NLP:
Natural language processing is an area of computer science and artificial intelligence that deals with computer-human language interaction.The study of mathematical and computer modelling of many aspects of language, as well as the development of a wide range of systems, is known as natural language processing. The spoken language systems, which combine speech and natural language, are among them. Because many elements of computer science deal with linguistic aspects of computation, natural language processing plays a role. Natural language processing (NLP) is a field of study and application that looks at how computers can interpret and modify natural language text or speech in order to perform useful tasks.
FIELD OF USE:
The applications of Natural language processing includes fields of study, such as machine translation, natural language text processing and summarization, user interfaces, multilingual and cross language information retrieval (CLIR), speech recognition, artificial intelligence(AI) and expert systems.
OBJECTIVE OF OUR PROJECT:
We used NLP in education field to improve the vocabulary skills of the students. By identifying the mistakes of students in their pronounciation and we help them to rectify their mistakes by themselves.
Libraries Used:
•pyaudio
•numpy
•Speech-recognition
•pyttsx3
•pipwin
•nlp
•transformers
•pytorch
•fasttext
•nltk-punkt
WORK FLOW:
• Installl all the above mentioned libaries into the python environment.
• Then feed the project first with the audio input and text input from the user/student.
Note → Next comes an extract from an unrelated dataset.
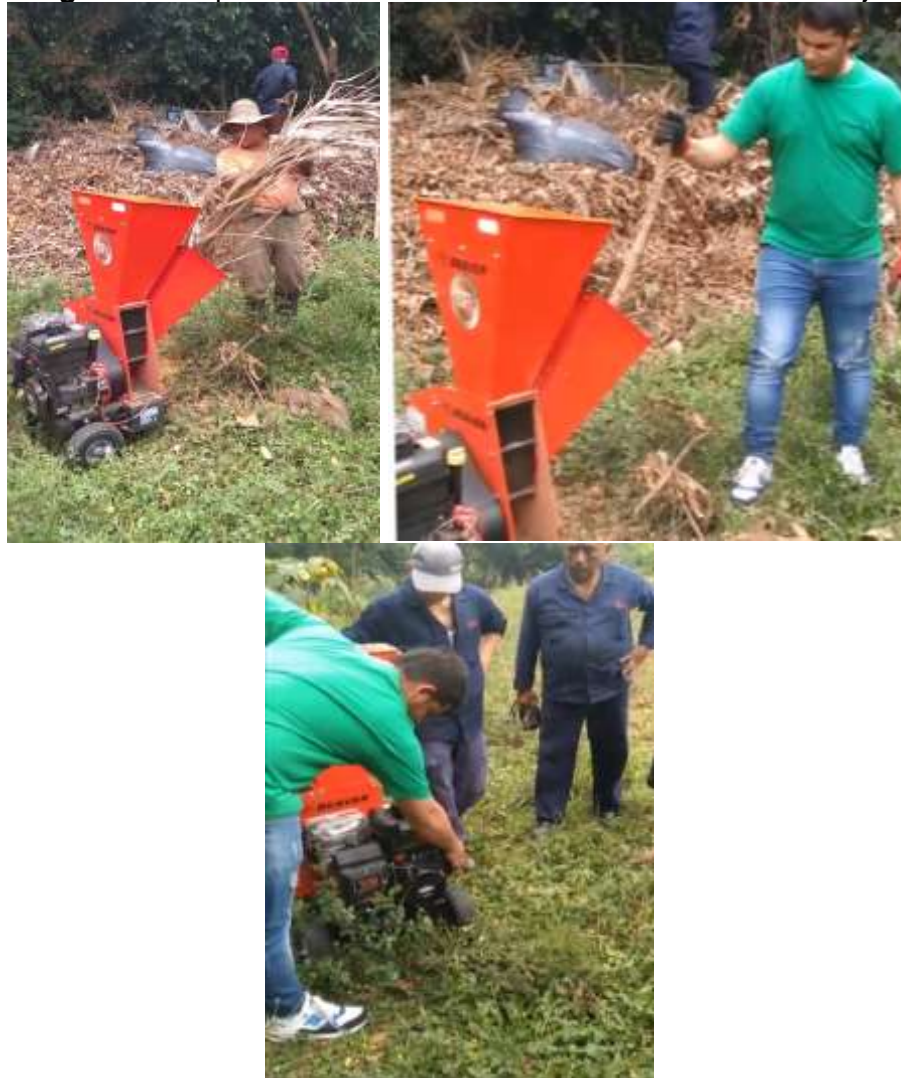
Figura 8. Chipeadora PRO 400 Beaver - Inducción en el manejo

Se adquiere un equipo de trituradora (chipeadora) para dar manejo a los residuos vegetales, reducir el volumen in situ y permitir una descomposición más rápida de los residuos ( Figura 8 ).

• Then we process the audio file into into a standard .wav format and .pdf file into a text .txt file to get better result.
• Once after conversion of respective files, using speech_recogniser we convert the audio file into a txt file.
• Once the text data is stored we need check the similarity between converted text data with actual input text file given using NLP before that we need remove punctuations in the data.
• To remove punctuations we use regrex module and we remove all special chracters from the actual input given.
•Then the converted text data is checked the actual text data using BertModel from NLP.
•BertModel it first tokenise the each word in the text file into tokens using "BertTokenizer" and after that it converts each tokens to vector representations known as "Wordembedddings".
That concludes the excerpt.